Task brief:
Within the records that follow, restate exactly the lines from the line with "SANTO DOMINGO ESTE.- El" down to the line with "Во всплывающем окне", including both. Omit the pictures.
┌─ Data shown
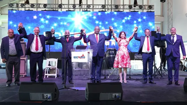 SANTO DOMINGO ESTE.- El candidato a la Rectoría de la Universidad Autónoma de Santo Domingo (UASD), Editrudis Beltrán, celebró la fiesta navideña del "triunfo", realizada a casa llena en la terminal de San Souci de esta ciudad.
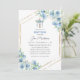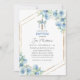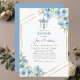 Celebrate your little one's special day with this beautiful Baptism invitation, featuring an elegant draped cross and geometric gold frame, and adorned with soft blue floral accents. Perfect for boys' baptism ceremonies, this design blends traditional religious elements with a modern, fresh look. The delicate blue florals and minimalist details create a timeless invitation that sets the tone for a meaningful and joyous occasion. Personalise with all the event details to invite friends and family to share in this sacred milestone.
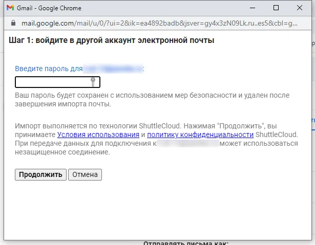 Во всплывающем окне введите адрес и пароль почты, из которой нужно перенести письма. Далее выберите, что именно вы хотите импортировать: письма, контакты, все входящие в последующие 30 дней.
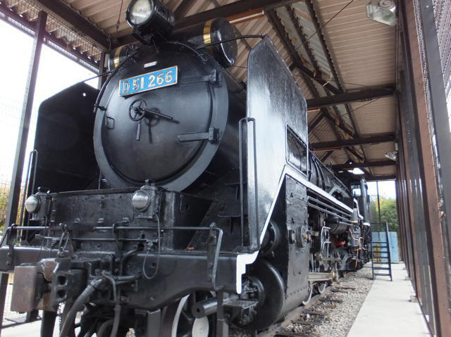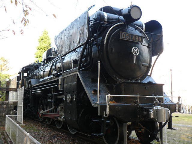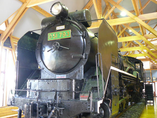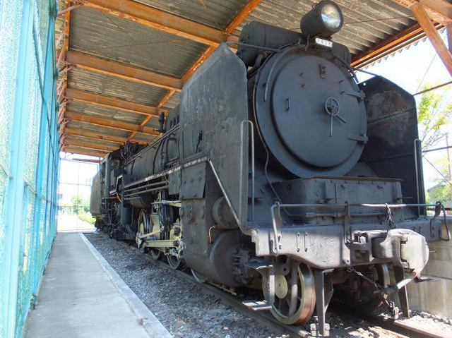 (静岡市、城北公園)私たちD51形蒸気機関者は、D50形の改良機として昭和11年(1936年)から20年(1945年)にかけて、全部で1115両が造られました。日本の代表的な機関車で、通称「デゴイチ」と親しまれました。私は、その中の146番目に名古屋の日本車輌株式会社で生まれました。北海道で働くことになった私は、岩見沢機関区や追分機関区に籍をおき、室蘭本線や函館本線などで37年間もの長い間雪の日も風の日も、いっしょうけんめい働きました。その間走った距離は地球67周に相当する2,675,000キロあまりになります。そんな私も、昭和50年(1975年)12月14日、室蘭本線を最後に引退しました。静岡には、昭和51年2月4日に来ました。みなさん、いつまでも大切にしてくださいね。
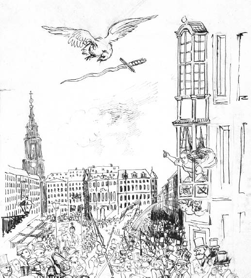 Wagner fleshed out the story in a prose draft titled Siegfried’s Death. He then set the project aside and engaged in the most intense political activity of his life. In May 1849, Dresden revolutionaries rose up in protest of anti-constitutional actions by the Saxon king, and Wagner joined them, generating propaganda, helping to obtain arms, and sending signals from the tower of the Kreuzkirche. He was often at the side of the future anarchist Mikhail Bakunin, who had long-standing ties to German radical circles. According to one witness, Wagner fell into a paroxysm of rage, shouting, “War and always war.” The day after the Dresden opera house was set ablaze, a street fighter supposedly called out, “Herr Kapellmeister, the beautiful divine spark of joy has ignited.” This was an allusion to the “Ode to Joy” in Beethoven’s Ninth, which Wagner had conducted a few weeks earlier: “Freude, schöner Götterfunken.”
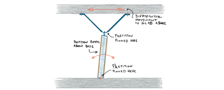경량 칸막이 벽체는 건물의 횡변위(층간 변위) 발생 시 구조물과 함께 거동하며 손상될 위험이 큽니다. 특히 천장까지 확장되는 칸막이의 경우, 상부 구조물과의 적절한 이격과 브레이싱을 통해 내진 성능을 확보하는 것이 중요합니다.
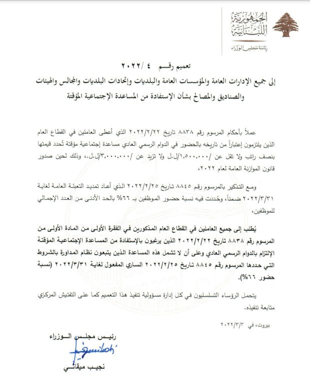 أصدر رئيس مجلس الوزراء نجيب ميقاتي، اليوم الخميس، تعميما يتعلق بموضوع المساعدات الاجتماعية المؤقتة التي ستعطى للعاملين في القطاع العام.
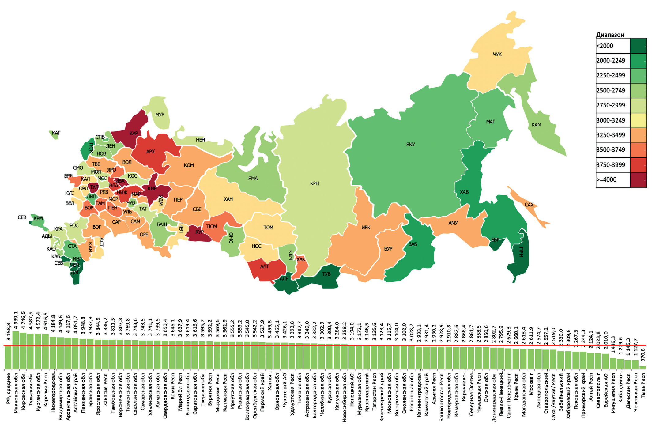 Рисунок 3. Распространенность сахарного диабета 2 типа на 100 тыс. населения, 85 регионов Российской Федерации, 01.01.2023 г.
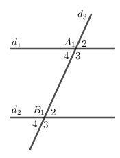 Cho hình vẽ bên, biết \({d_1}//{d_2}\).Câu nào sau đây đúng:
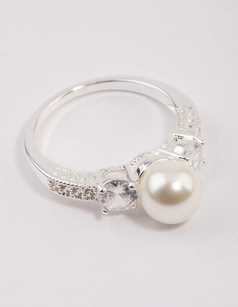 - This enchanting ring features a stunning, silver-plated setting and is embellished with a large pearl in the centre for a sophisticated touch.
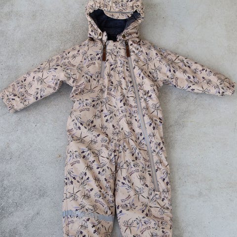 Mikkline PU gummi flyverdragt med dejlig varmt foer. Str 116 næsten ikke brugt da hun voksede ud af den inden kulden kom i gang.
└─
┌─ Data shown
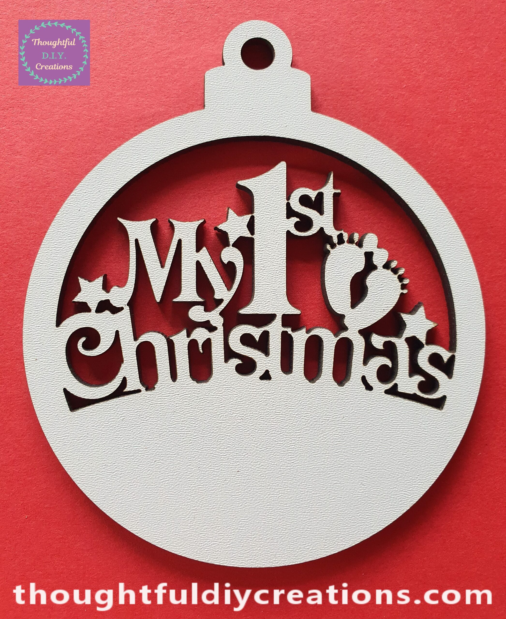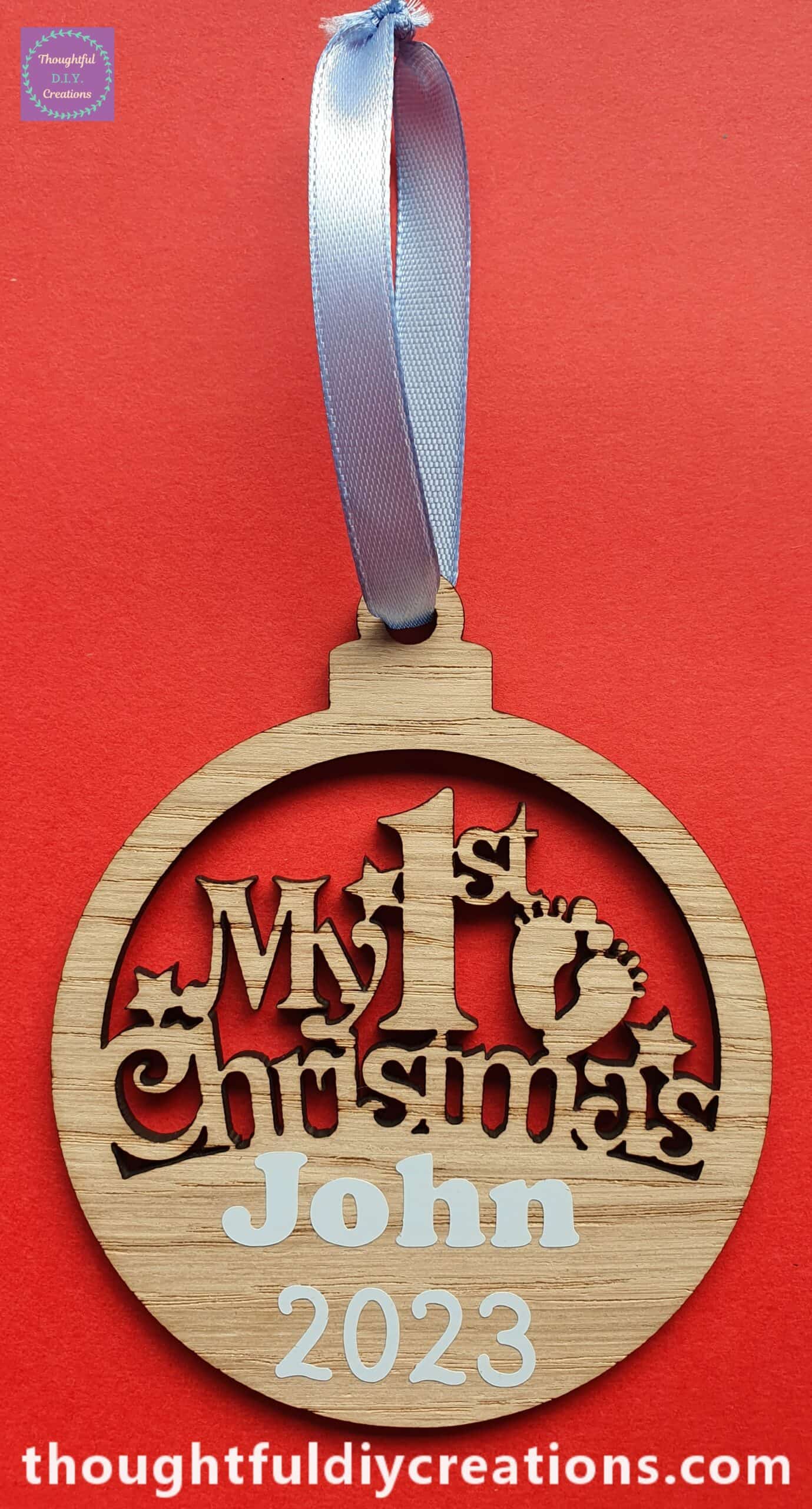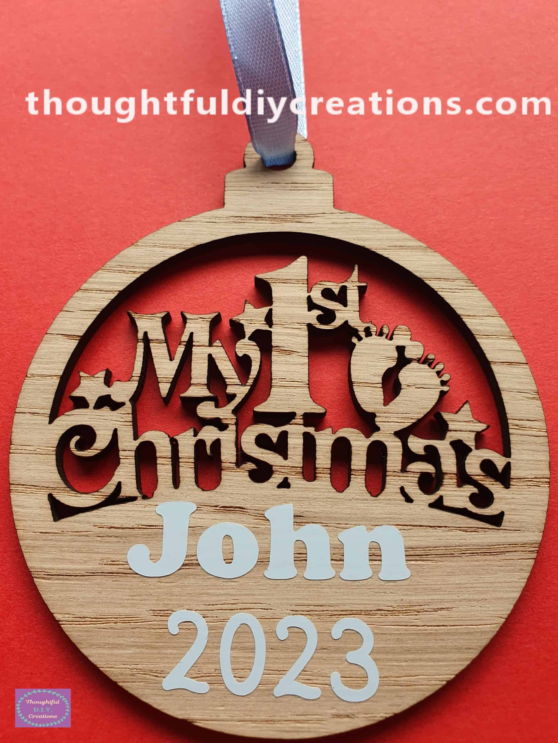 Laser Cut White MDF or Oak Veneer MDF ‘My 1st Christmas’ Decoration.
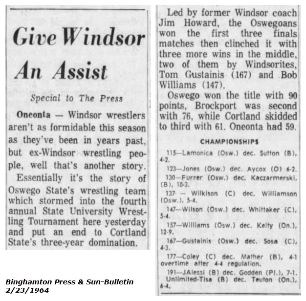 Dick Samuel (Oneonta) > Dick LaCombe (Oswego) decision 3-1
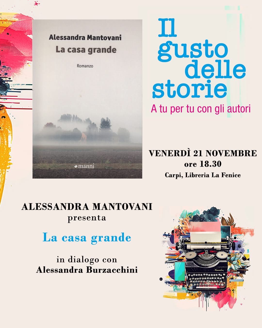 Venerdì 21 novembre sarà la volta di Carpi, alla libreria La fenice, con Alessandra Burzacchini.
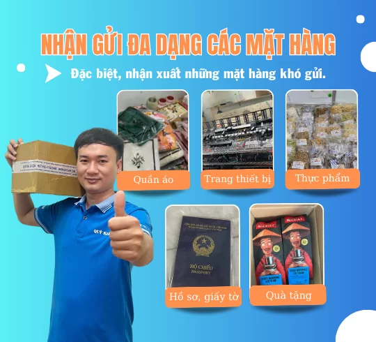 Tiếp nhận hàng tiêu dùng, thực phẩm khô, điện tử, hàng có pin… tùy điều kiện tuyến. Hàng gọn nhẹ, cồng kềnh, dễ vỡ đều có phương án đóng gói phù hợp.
└─
┌─ Data shown
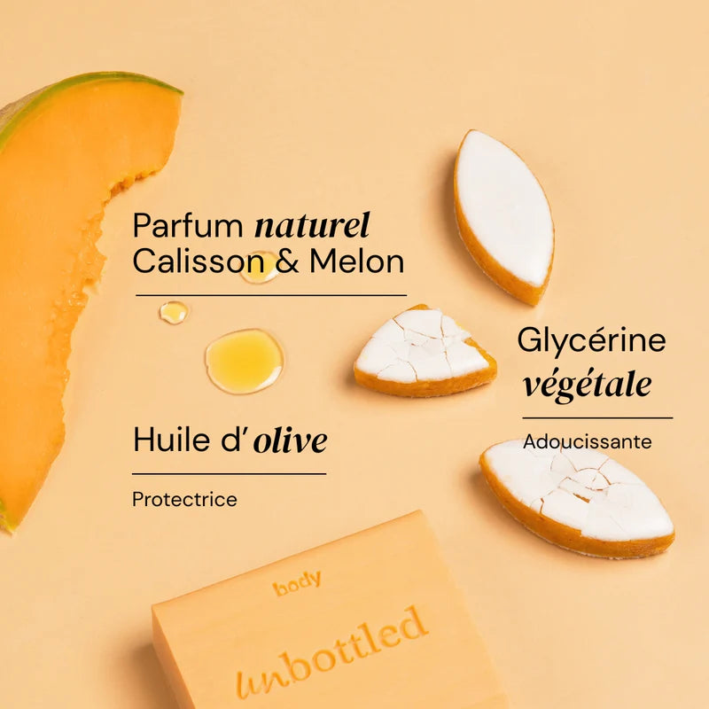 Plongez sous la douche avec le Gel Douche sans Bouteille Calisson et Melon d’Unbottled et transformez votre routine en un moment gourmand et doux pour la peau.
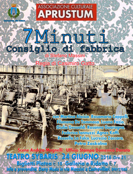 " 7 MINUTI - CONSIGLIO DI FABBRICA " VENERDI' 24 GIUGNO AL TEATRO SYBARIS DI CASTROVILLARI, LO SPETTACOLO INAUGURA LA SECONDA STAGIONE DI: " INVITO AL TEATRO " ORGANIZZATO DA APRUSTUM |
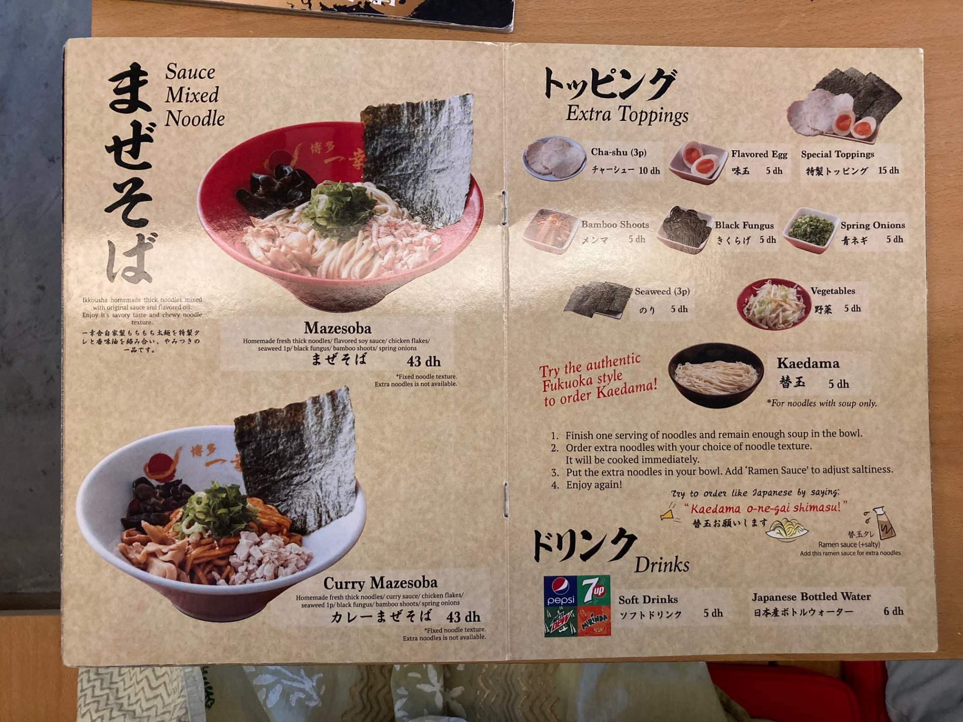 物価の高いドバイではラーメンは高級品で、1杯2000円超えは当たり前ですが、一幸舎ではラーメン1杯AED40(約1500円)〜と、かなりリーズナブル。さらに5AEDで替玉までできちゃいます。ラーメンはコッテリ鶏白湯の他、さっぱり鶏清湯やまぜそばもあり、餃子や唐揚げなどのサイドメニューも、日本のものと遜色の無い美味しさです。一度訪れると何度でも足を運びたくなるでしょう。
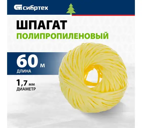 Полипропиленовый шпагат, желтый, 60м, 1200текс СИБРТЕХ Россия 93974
└─
Finished exercise:
 SANTO DOMINGO ESTE.- El candidato a la Rectoría de la Universidad Autónoma de Santo Domingo (UASD), Editrudis Beltrán, celebró la fiesta navideña del "triunfo", realizada a casa llena en la terminal de San Souci de esta ciudad.
 Celebrate your little one's special day with this beautiful Baptism invitation, featuring an elegant draped cross and geometric gold frame, and adorned with soft blue floral accents. Perfect for boys' baptism ceremonies, this design blends traditional religious elements with a modern, fresh look. The delicate blue florals and minimalist details create a timeless invitation that sets the tone for a meaningful and joyous occasion. Personalise with all the event details to invite friends and family to share in this sacred milestone.
 Во всплывающем окне введите адрес и пароль почты, из которой нужно перенести письма. Далее выберите, что именно вы хотите импортировать: письма, контакты, все входящие в последующие 30 дней.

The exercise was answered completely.